You should use the class PrinterSettings.

Dmitry Shechtman
A: 

not programmatic answer would be: use print management console from 2003 r2 server adminpack to Export Printer configuration. Maybe that feature has an API for it, wich can be called from .net.

+1  A: 

I did a pretty ghetto method of dumping the current DEVMODE and overwriting it back when they want to use it again to send some proprietary printer settings to a copier machine at work. I couldn't find a better way to get to some of the properties that simply weren't exposed via the printing API (such as proprietary stapling and folding options on an old Fiery controller...I think the new XPS printer model has support for these, but lord only knows when we'll start seeing industry support for that).

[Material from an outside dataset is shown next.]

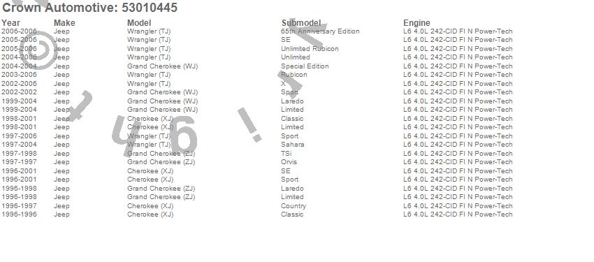 Cherokee (XJ), Grand Cherokee (WJ), Grand Cherokee (ZJ), Wrangler (LJ), Wrangler (TJ), Jeep, 2006, 2005, 2004, 2003, 2002, 2001, 2000, 1999, 1998, 1997, 1996 more…

The main caveat is that it would not be portable across machines or across different versions of the same printer driver. For me, that's no big deal since it's a controlled office environment. For you, I guess it would depend on the context of how your users use the program.

Good luck!

Nicholas Piasecki
Excellent article. Thanks a lot for the complete write-up!
Renaud Bompuis
With the advent of XPSDrv printers and PrintTickets, a better, more portable solution is to get a print ticket and use it. A print ticket is a XML-serialized form of the devmode structure. Refer this[this][1] [1]: http://msdn.microsoft.com/en-us/library/system.printing.printticket(VS.85).aspx
dirkgently
@dirkgently Thanks for the tip. We were on 2.0 at the time. Indeed, the method that I elaborate on is most useful in situations where you have an old GDI printer that doesn't expose things via GetDeviceCaps and has no documentation/capability for ExtEscape().